Я пытаюсь проверить разницу между двумя предельными эффектами.Я могу получить R для расчета эффектов, но не могу найти какой-либо ресурс, объясняющий, как проверить их разницу.
Я просматривал документацию по полям и другие пакеты маржинальных эффектов, но не смог найтичто-то, что проверяет разницу.
data("mtcars")
mod<-lm(mpg~as.factor(am)*disp,data=mtcars)

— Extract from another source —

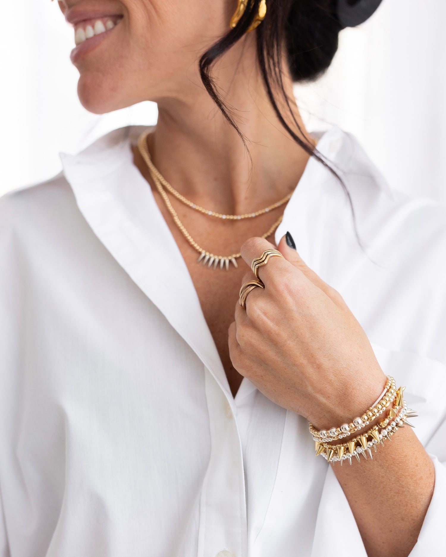 Introducing our Metal Beaded and Spike Stretch Bracelets. All made from gold filled, sterling silver, or stainless steel. Never tarnish. Meticulously crafted by hand in Ann Arbor.

(marg<-margins(model = mod,at = list(am = c("0","1"))))
at(am) disp am1
0 -0.02758 0.4518
1 -0.05904 0.4518
summary(marg)
factor am AME SE z p lower upper
am1 1.0000 0.4518 1.3915 0.3247 0.7454 -2.2755 3.1791
am1 2.0000 0.4518 1.3915 0.3247 0.7454 -2.2755 3.1791
disp 1.0000 -0.0276 0.0062 -4.4354 0.0000 -0.0398 -0.0154
disp 2.0000 -0.0590 0.0096 -6.1353 0.0000 -0.0779 -0.0402
Я хочу создать тест, который решит, являются ли предельные эффекты в каждой строке поля значительными;то есть, что наклоны на графиках предельных эффектов различны.Похоже, что это правда, потому что доверительные интервалы не перекрываются - это указывает на то, что эффект смещения отличается для am = 0 против am = 1.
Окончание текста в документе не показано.